Data to use.
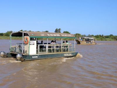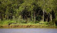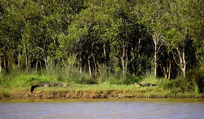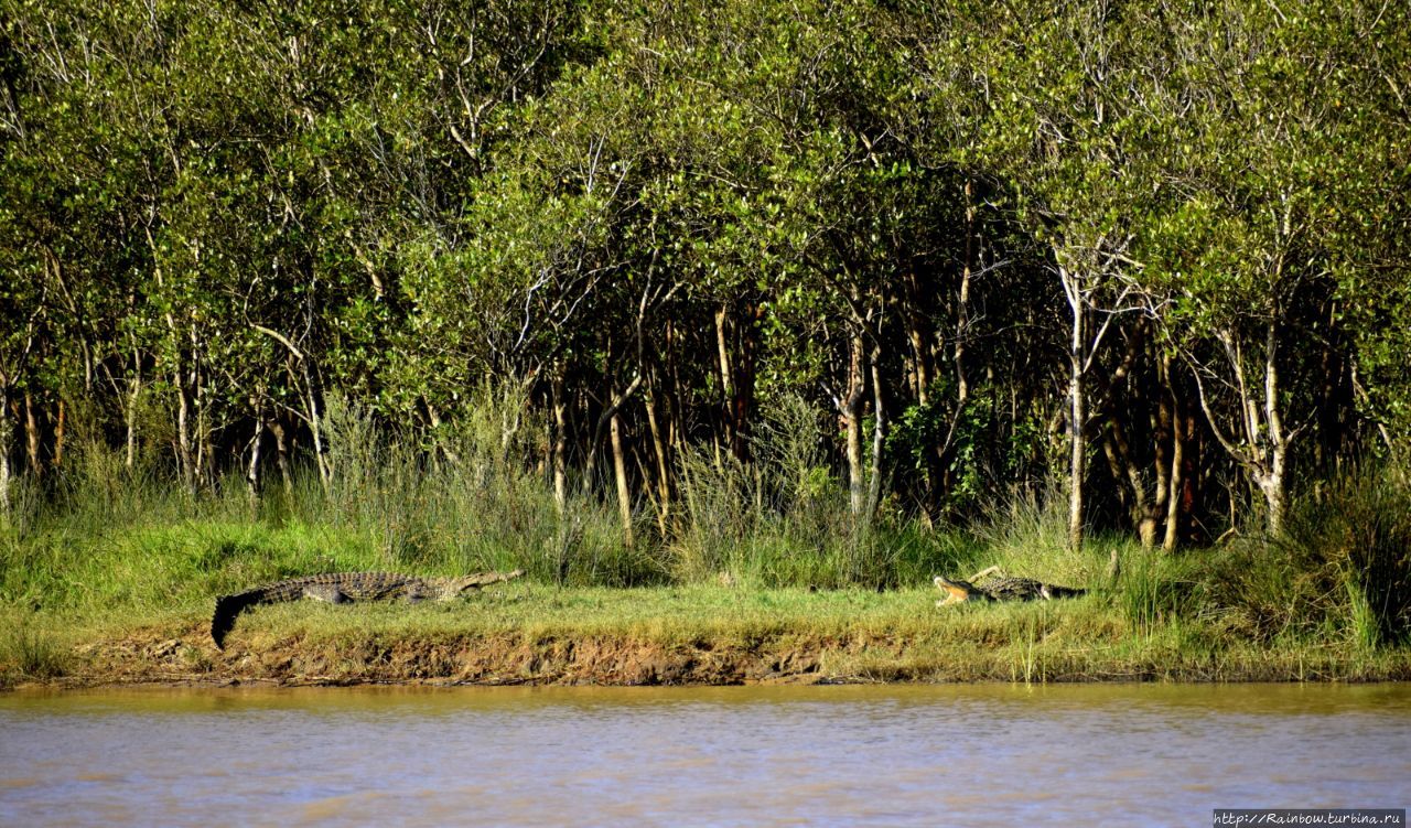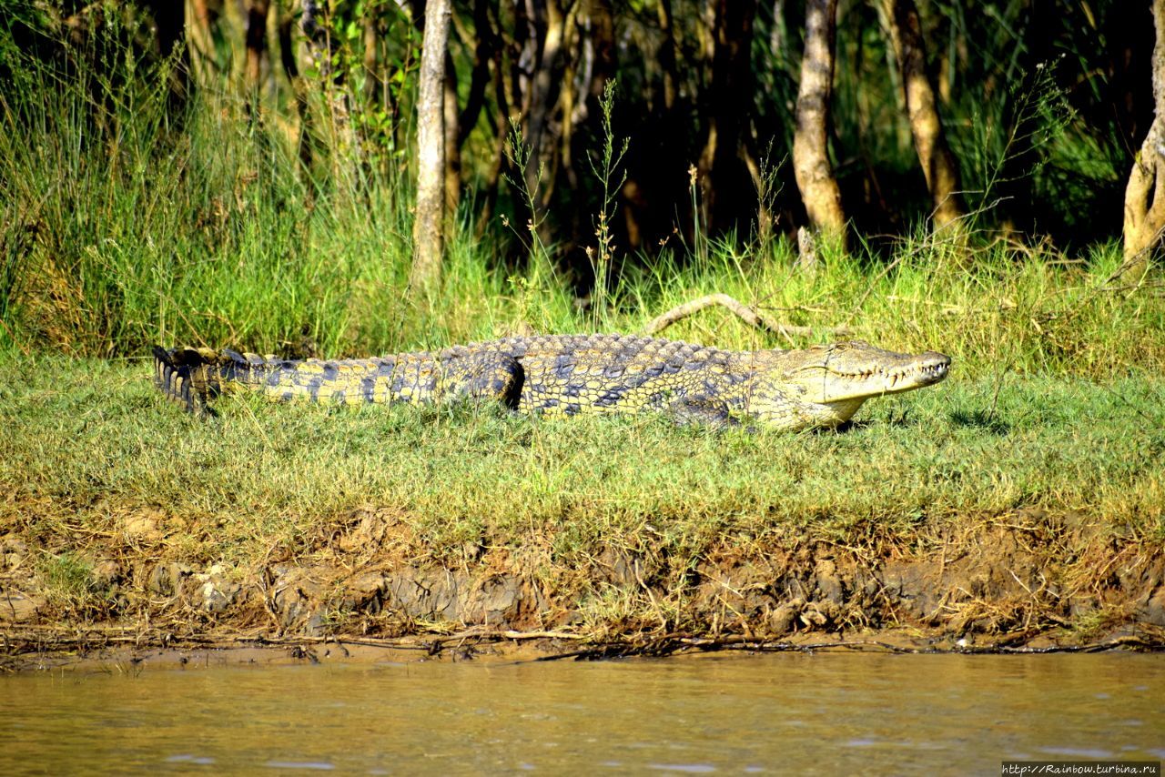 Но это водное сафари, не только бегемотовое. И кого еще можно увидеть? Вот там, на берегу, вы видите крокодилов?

...

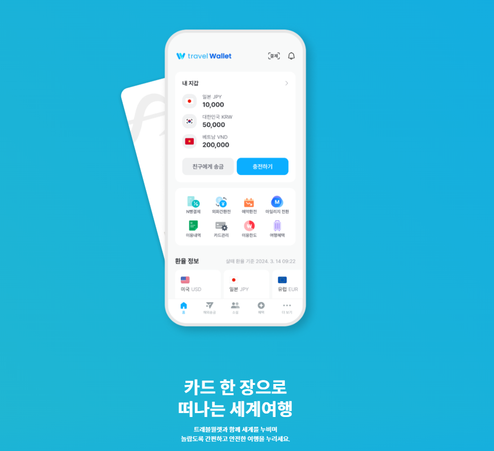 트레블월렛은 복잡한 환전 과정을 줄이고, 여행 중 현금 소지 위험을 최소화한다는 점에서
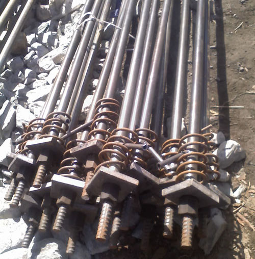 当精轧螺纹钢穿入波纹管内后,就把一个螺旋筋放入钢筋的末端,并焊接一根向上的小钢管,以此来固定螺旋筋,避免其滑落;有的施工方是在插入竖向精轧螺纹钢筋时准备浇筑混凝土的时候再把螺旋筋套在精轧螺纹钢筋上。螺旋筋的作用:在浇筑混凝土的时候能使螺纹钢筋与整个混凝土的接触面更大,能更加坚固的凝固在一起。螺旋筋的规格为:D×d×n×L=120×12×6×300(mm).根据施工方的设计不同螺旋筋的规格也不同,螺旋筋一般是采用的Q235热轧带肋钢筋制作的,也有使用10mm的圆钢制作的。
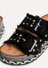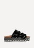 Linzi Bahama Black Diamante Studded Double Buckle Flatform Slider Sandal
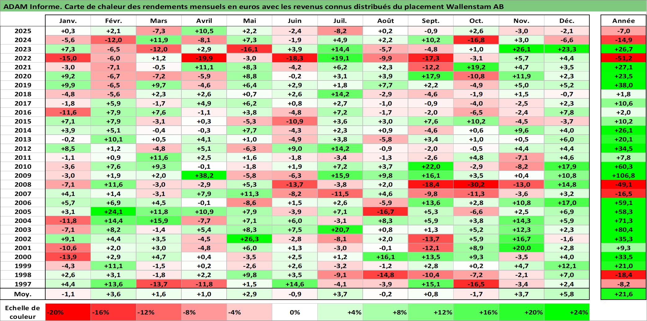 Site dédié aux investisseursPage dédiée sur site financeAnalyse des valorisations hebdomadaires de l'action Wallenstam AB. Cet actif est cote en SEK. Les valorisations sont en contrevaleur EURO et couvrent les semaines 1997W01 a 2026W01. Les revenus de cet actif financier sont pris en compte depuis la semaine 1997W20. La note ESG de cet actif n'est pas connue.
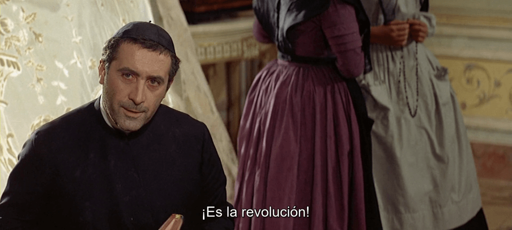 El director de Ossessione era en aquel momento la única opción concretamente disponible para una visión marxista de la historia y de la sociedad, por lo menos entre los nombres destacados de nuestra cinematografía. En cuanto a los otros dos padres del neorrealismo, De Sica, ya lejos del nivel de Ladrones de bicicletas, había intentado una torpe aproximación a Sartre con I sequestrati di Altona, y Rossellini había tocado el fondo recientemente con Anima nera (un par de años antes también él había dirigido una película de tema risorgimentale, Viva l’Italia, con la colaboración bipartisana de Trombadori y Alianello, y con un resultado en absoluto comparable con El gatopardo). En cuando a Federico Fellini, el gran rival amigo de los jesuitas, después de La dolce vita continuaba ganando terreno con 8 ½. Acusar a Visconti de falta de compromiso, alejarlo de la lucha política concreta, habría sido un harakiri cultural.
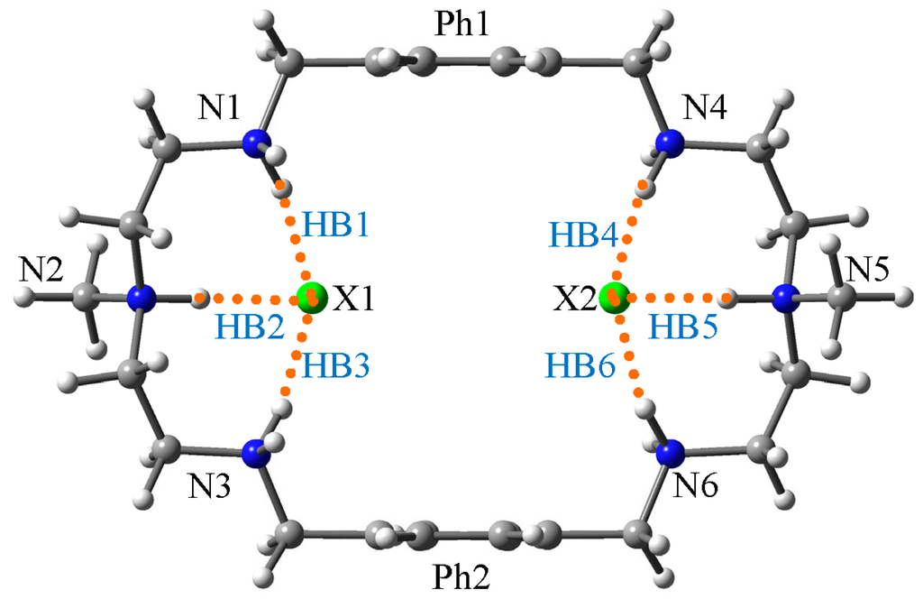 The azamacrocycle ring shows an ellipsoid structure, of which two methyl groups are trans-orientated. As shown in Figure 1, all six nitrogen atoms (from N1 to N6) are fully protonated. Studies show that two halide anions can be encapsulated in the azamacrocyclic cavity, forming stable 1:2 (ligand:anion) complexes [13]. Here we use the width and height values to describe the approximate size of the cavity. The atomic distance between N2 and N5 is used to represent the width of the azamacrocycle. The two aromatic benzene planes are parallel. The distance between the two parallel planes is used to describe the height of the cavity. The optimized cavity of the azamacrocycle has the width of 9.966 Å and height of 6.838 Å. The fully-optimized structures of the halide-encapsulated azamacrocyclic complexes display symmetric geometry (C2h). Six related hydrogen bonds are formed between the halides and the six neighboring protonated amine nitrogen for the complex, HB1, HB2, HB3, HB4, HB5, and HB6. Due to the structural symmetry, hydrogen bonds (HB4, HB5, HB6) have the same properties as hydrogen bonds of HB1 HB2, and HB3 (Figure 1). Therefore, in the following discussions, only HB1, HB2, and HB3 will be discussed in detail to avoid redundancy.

Task. Go to the line above that has "Linzi Bahama Black" and copy exactly from there down to the line that has "Site dédié aux", both included. Leave the pictures out.

Response to this task.
 Linzi Bahama Black Diamante Studded Double Buckle Flatform Slider Sandal
 Site dédié aux investisseursPage dédiée sur site financeAnalyse des valorisations hebdomadaires de l'action Wallenstam AB. Cet actif est cote en SEK. Les valorisations sont en contrevaleur EURO et couvrent les semaines 1997W01 a 2026W01. Les revenus de cet actif financier sont pris en compte depuis la semaine 1997W20. La note ESG de cet actif n'est pas connue.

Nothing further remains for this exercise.